The NextJS ONNX Runtime Web Template serves as an outstanding foundation for developers looking to leverage ONNX Runtime for machine learning inferencing directly in the browser. This template, built on Next.js, integrates seamlessly with PyTorch, enabling the processing of images using popular models such as SqueezeNet, ResNet, and MobileNet. It offers a robust platform for testing and deploying applications with diverse machine-learning capabilities.
Equipped with essential tools such as webpack and typescript, this template streamlines the development process, making it easy to get started with real-time inferencing. Its user-friendly approach caters not only to seasoned developers but also provides an engaging environment for newcomers to experiment with machine learning in web applications.

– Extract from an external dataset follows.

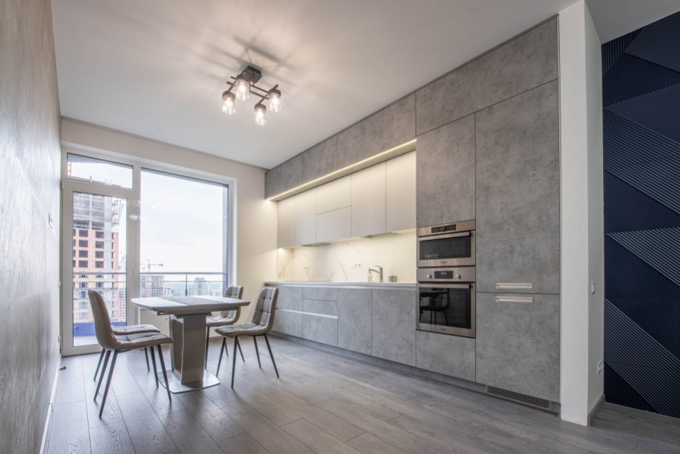 Cuptorulcu microunde, plita si frigiderul sunt perfect incorporate in design, oferind un aspect unitar si modern.

Next.js is a React-based web framework that enables server-side rendering, static site generation, and other powerful features for building modern web applications.
React is a widely used JavaScript library for building user interfaces and single-page applications. It follows a component-based architecture and uses a virtual DOM to efficiently update and render UI components
ESLint is a linter for JavaScript that analyzes code to detect and report on potential problems and errors, as well as enforce consistent code style and best practices, helping developers to write cleaner, more maintainable code.
TypeScript is a superset of JavaScript, providing optional static typing, classes, interfaces, and other features that help developers write more maintainable and scalable code. TypeScript's static typing system can catch errors at compile-time, making it easier to build and maintain large applications.